Friday, February 11, 2011

Global Weirding? They Can't Back That Up

At first we were told that anthropogenic global warming was a result of man's CO2 emissions and that we'd see less and less snow and ice. Ice would melt and raise the sea levels, flooding cities. Then, when it was obvious that empirical data showed we were actually cooling more than warming, they said that dynamic weather variability was the result of manmade 'climate change.' Another group said that global warming was merely being 'masked' by the La Nina effect; that was why we were experiencing cooler summers and winters. Dynamic weather referred to anything deemed 'unusual,' such that a blizzard or freezing temperatures would give the same support to the renamed 'climate change' as a would a heat wave or tornado outbreak. I call these sudden grasps at explaining non-correlating empirical data CLIMATE REVISIONISM.

Somewhere in the midst of the mounting empirical evidence to the contrary, climate scandal upon climate scandal erupted. Interested powers tried to put the genie back in the bottle, but it was too late.
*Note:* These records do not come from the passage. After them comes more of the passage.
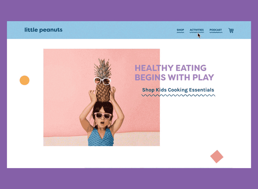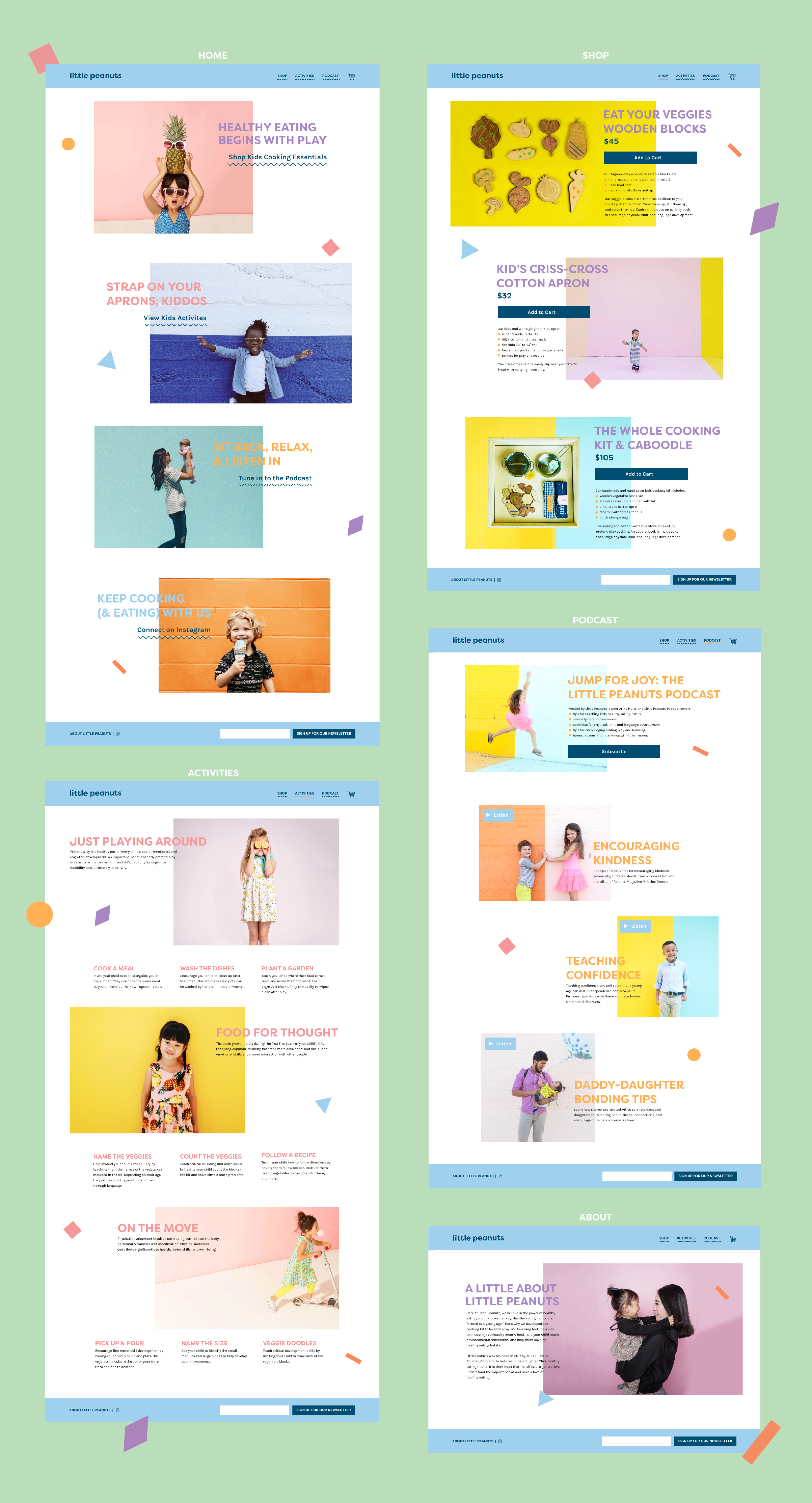Little Peanuts' online presence is an extension of the colorful and playful nature of the brand and cooking kit. The shapes of the hang tags are sprinkled throughout the background of the website, wavy lines from the blocks are used to indicate links, and subtle animations create surprising and delightful interactions. New content is posted regularly to encourage return visits.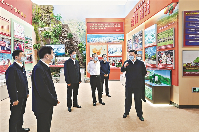 展示我国科技水平和制造能力跃升的自主研发关键产品实物、模型,反映功勋荣誉表彰体系日益丰富完备的勋章、奖章,国家级重大出版项目《复兴文库》,生动再现脱贫攻坚和抗击新冠肺炎疫情历史进程的实物、图表、图片,“五基”协同天空地一体化生态环境立体遥感监测体系模拟沙盘,武器装备模型,呈现总体国家安全观深刻内涵、党内法规制度建设成果的展板、实物,彰显京津冀协同发展成就的立体电子地图,展现规划建设、轨道交通和科技创新等方面亮点成果的粤港澳大湾区沙盘……一件件实物模型、一段段生动视频、一幅幅图片图表,吸引了习近平等领导同志的目光。他们不时驻足观看,听取讲解,询问有关情况。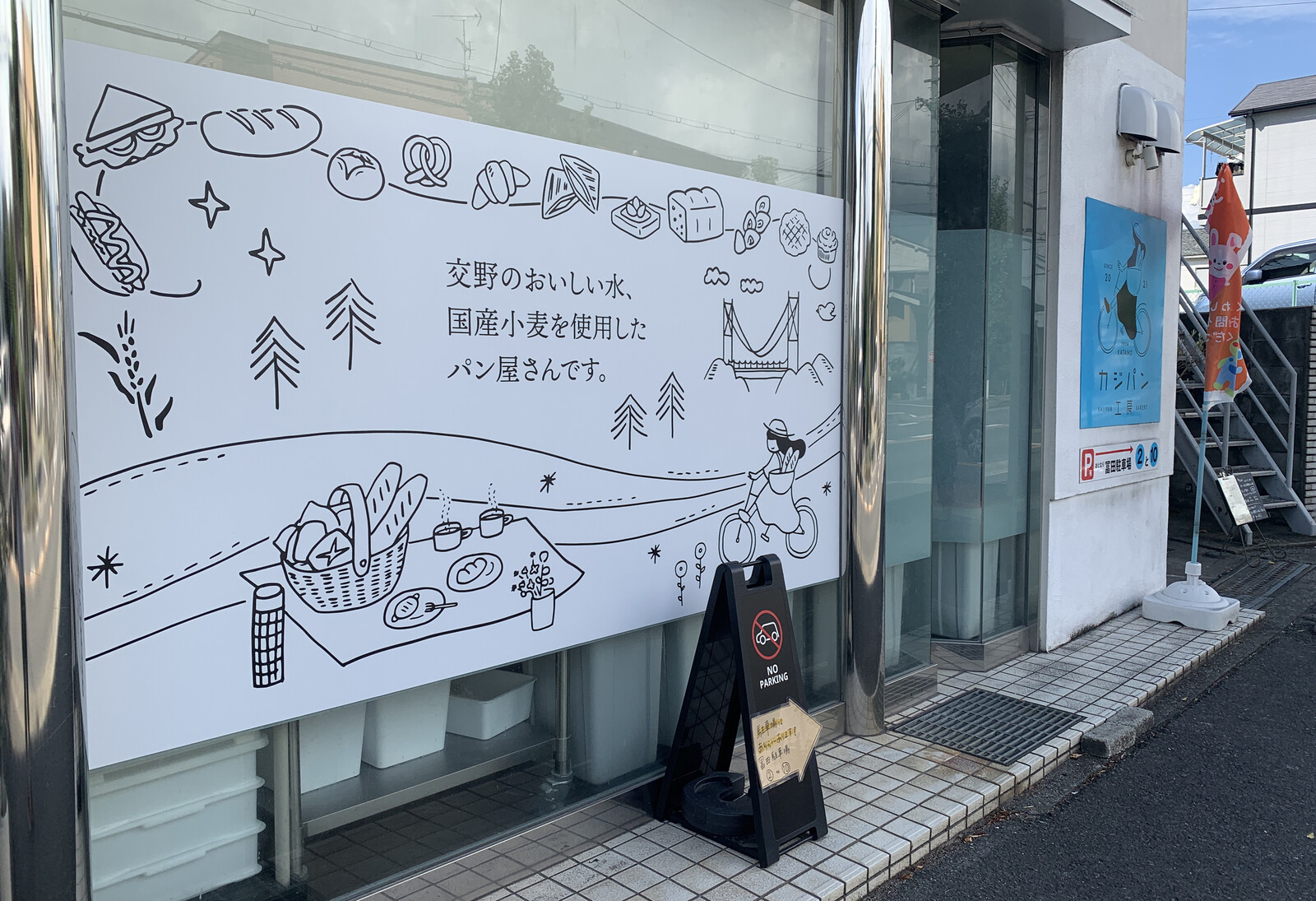 店舗の右手には、パンがいっぱいのイラスト看板が。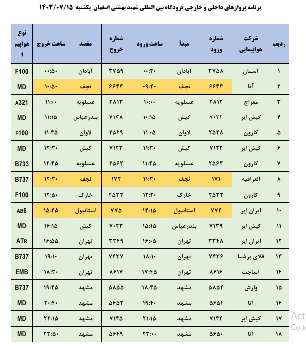 به گزارش نبض وطن، اطلاعات پروازهای داخلی و خارجی فرودگاه بینالمللی شهید بهشتی اصفهان امروز _یکشنبه پانزدهم مهر_ به شرح زیر است: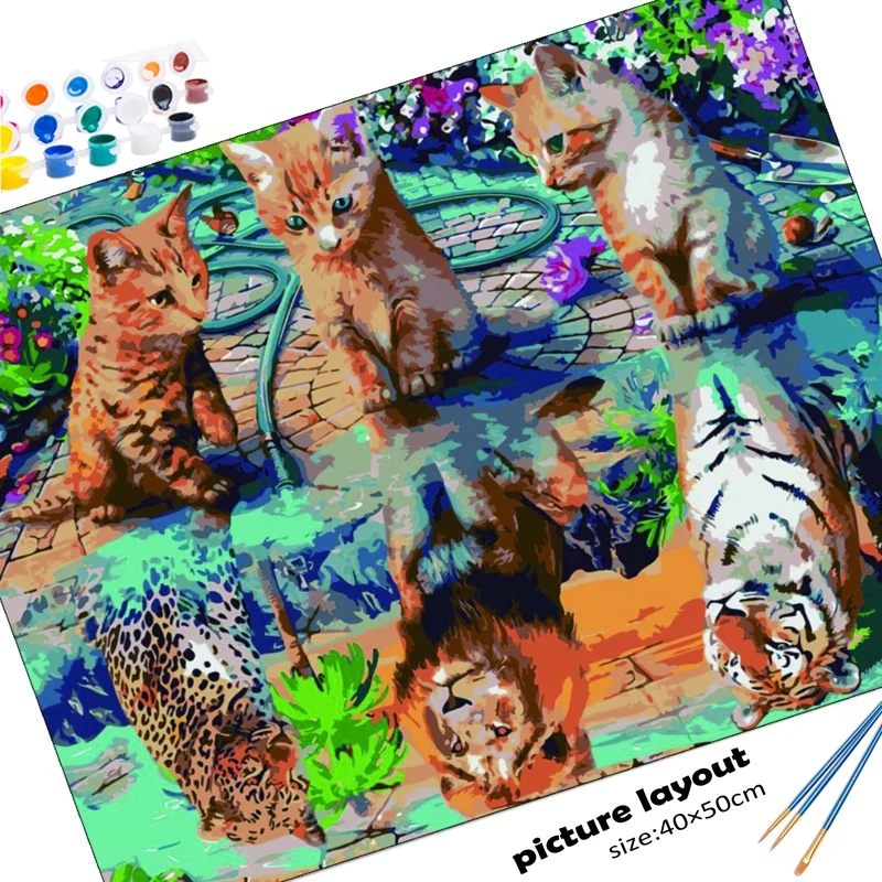 Масляная краска по номерам, животное на холсте с рамкой, акриловый ...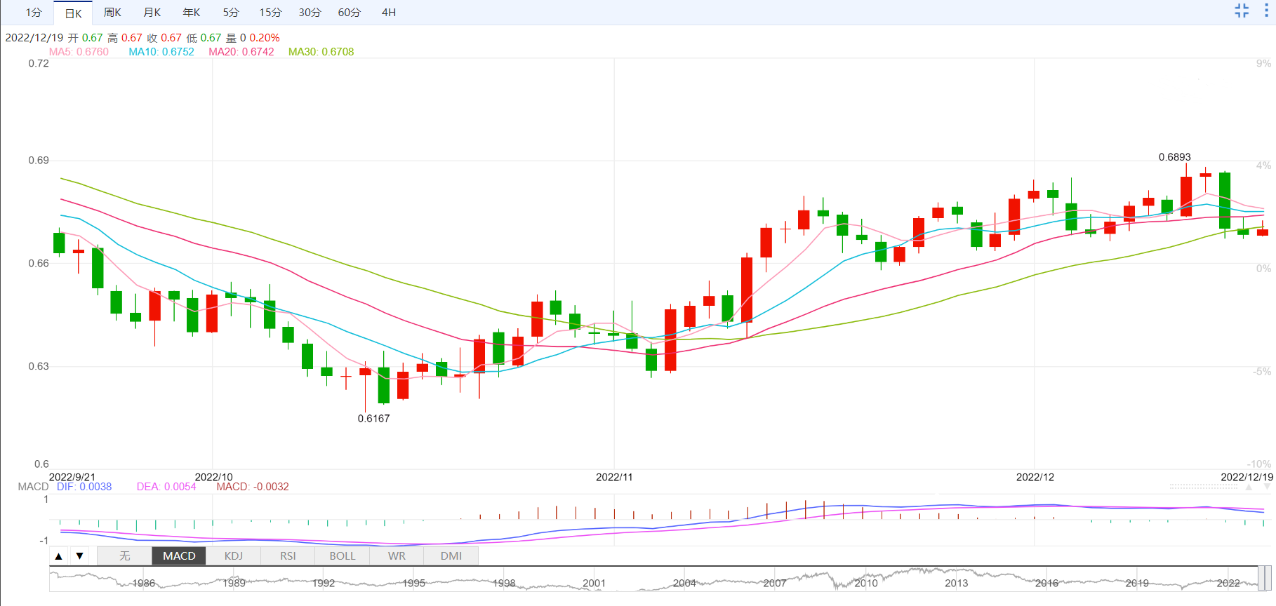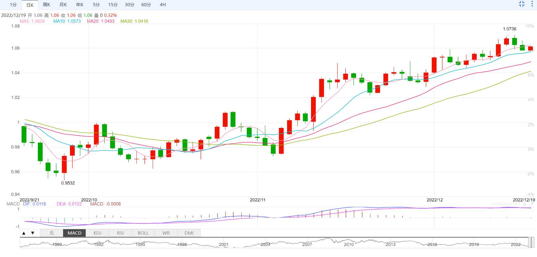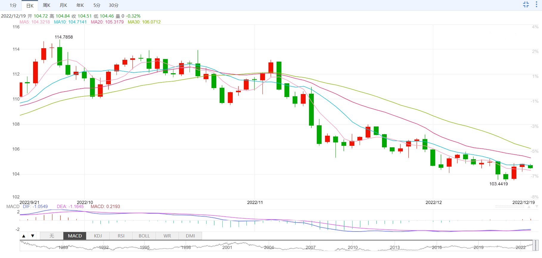 美元指数录得三日内首日下跌,盘中下跌0.20%至10.455附近。在此过程中,DXY难以证明克利夫兰联邦储备银行行长Loretta Mester和纽约联邦储备银行行长John Williams最近的鹰派言论是正确的。其原因可能与週五美国12月PMI初值的不乐观数据,以及美联储0.50%的加息有关。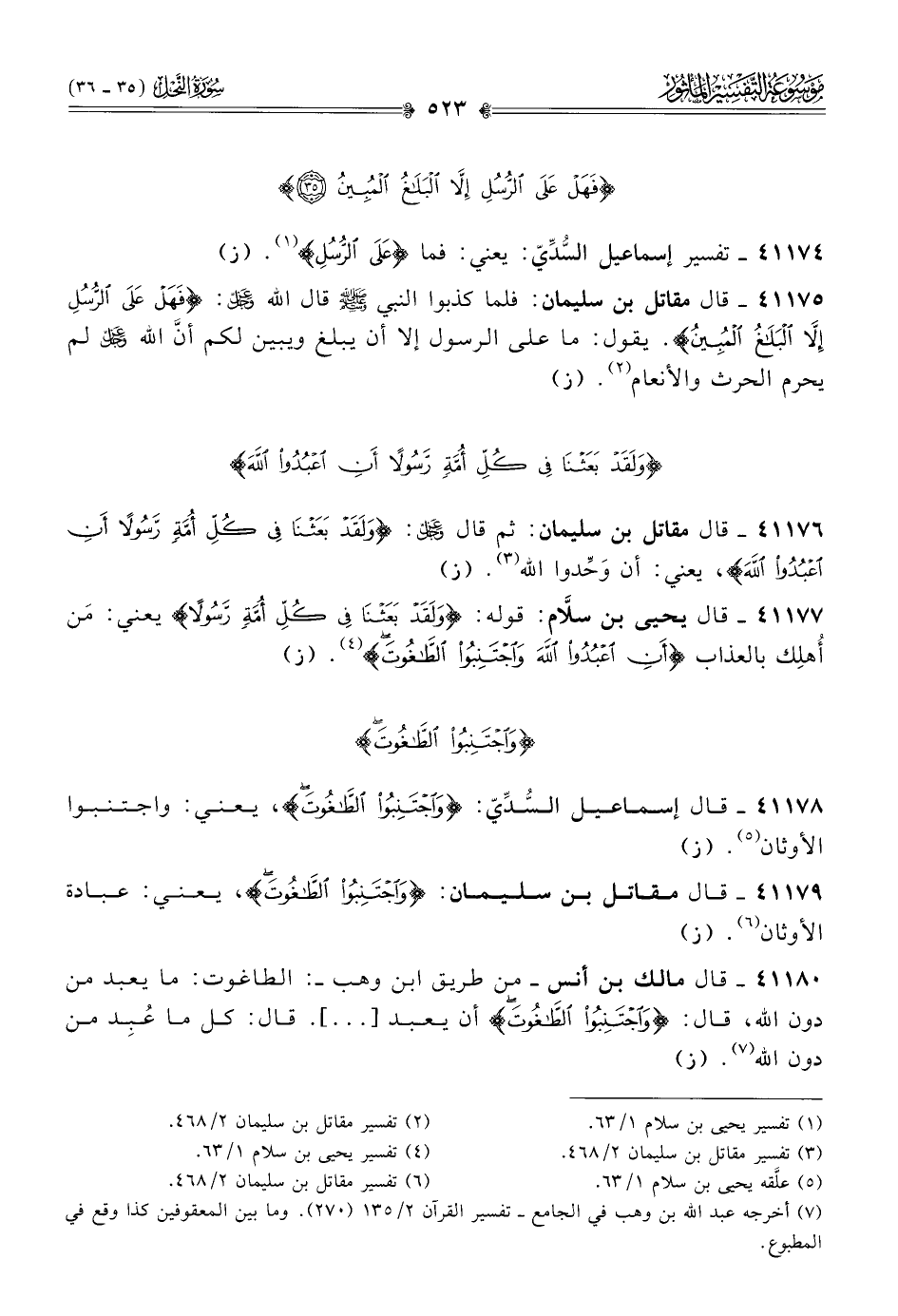 ٤١١٧٧ - قال يحيى بن سلّام: قوله: {ولقد بعثنا في كل أمة رسولا} يعني: مَن أُهلِك بالعذاب {أن اعبدوا الله واجتنبوا الطاغوت} (¬٤). (ز)

As the public continued to reject the idea of manmade global warming or climate change, Thulsa Doom Obama decided to go with the new moniker of 'global climate disruption.' And most recently, the term 'global weirding' came into vogue. No matter what alias they use, it still all comes down to an indictment of capitalism as the driving force behind a climate gone mad. Americans aren't buying it, and neither are Europeans. The rat radar is up and detecting something foul.

Last week a severe storm froze Dallas under a sheet of ice, just in time to disrupt the plans of the tens of thousands of (American) football fans descending on the city for the Super Bowl. On the other side of the globe, Cyclone Yasi slammed northeastern Australia, destroying homes and crops and displacing hundreds of thousands of people.

Some climate alarmists would have us believe that these storms are yet another baleful consequence of man-made CO2 emissions. In addition to the latest weather events, they also point to recent cyclones in Burma, last winter's fatal chills in Nepal and Bangladesh, December's blizzards in Britain, and every other drought, typhoon and unseasonable heat wave around the world.

But is it true? To answer that question, you need to understand whether recent weather trends are extreme by historical standards. The Twentieth Century Reanalysis Project is the latest attempt to find out, using super-computers to generate a dataset of global atmospheric circulation from 1871 to the present.

As it happens, the project's initial findings, published last month, show no evidence of an intensifying weather trend. "In the climate models, the extremes get more extreme as we move into a doubled CO2 world in 100 years," atmospheric scientist Gilbert Compo, one of the researchers on the project, tells me from his office at the University of Colorado, Boulder. "So we were surprised that none of the three major indices of climate variability that we used show a trend of increased circulation going back to 1871."